连玉保摇了摇头:“你冷静一点,少爷他是修炼金身,不会有事。”
“你说什么?”赵晓丽不可置信地问。
连玉保安慰她:“要不然我也不可能这么贸然地带他来,少爷他是修炼金身,钢铁不坏之躯,丁雄这种能力的人不可能伤到他。”
修炼金身只存在于修炼界的传说中,拥有这种身体的人会随着自己修炼的提高承受更高的伤害,同时愈合速度极快。
对于李岩来说,现在的丁雄是不可能对他造成知名伤的。
“他……他是什么?”赵晓丽还是不敢相信,又讷讷地问了一遍。
“总之,你不要着急,我们一去进去看一看就知道了。”连玉保安慰道。
两个人立刻动身向屋子的方向跑去。
“哈!来了!”
丁雄甚至都不需要回头,就能知道赵晓丽二人正在向他的方向赶来。
付小雪眼里含泪,哀求地看向李岩:“不能让我师父出事,李岩,答应我。”
一旁听见这话的丁雄,嗤笑一声,开口说道:“你在求那个懦夫吗?我告诉你,今天这里的所有人,都走不出去。”
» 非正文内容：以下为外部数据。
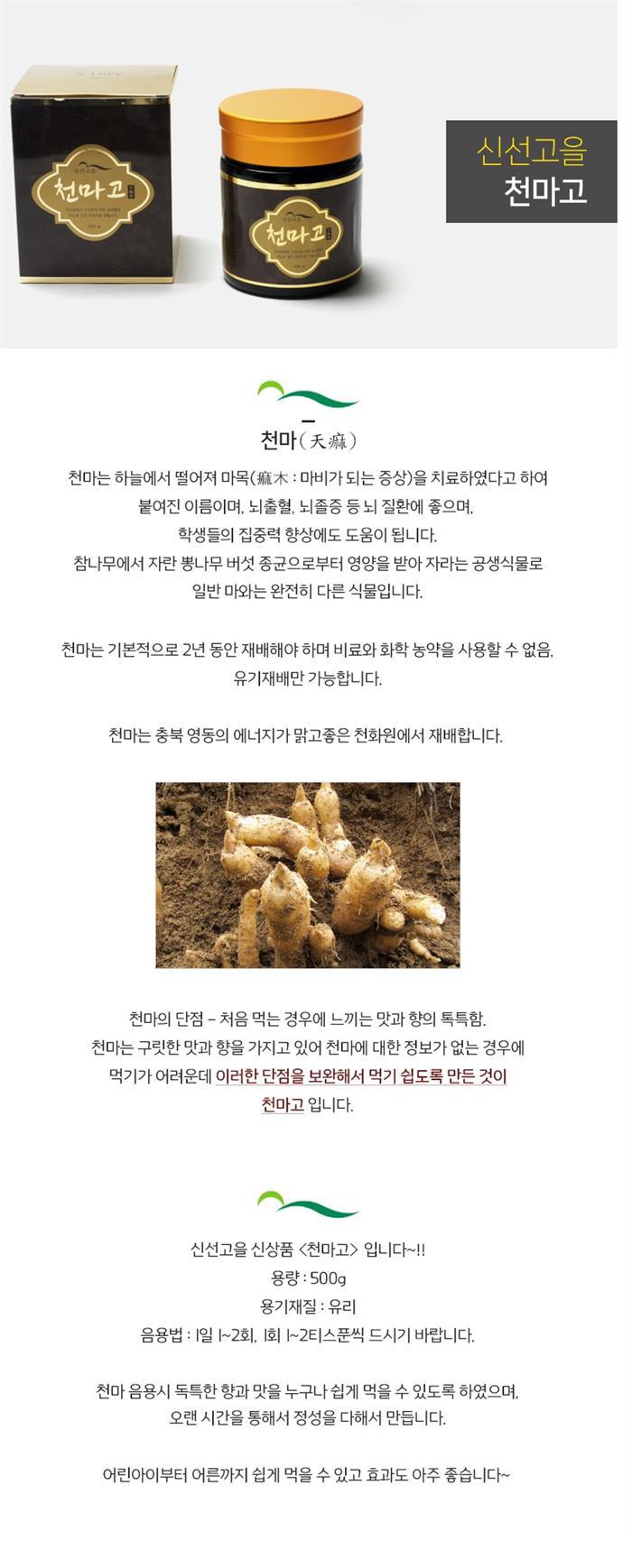 원재료명/함량 천마분말(국산) 13%, 천마복합추출액(천마, 대추, 생강, 천궁, 당귀 이상 국산, 4brix 이상) 47%, 꿀(국산) 40%

付小雪语气微变:“你修习邪术,走旁门左道,我师父不会放过你的。”
李岩躲在一旁听见,心里一惊。难不成丁雄攻击已经今非昔比。连叔他们来了也对付不了?
想到这里,李岩心里一紧。
赵晓丽二人很快就赶进了屋子,丁雄正现在客厅中间,旁边是被封住穴道的付小雪。
“小雪!”
赵晓丽看见仿若自己亲小妹一样的付小雪,心疼地叫了一声。
连玉保一进屋就感到屋内的气不对,皱眉道:“你竟然修习邪术?”
丁雄哈哈大笑:“什么叫邪术。只不过是一些快速修炼的小法子而已,是你们不懂。”
“狡辩!”赵晓丽怒道:“不是邪术为什么会剥夺他人的修炼成果?”
看到付小雪的惨状,赵晓丽是越想越气,飞身掐诀,原本干干净净的客厅竟然生长出紫色的花来。
这不过这种花可不是美人花,而是食人血肉的吃人花。
紫色的花能有一米多长,在赵晓丽的控制下向丁雄飞去。
“雕虫小技!”丁雄面色不虞,从手里射出几个飞针,针尖上淬着毒药,将原本鲜艳的花瓣刺得枯萎了下来。
连玉保也以手做刃,几个招式下去,让丁雄左闪右避,近不了身。
“你们以为这种伎俩能打得过我?”丁雄将他们的招式悉数破解。
几个回合下来,连玉保二人已经是气喘吁吁,但是却没伤到丁雄的筋骨。
二打一还势均力敌,赵晓丽心中暗道不妙。
丁雄见两人不敌自己,出言嘲讽:“想不到吧?今天你赵晓丽落在我手里,我终于可以报十年前的仇了。”
赵晓丽和连玉保对视了一眼,都在彼此的眼睛里看见了担忧。
就在这时,李岩的声音传出:“老丁头,你话说的也太早了点。”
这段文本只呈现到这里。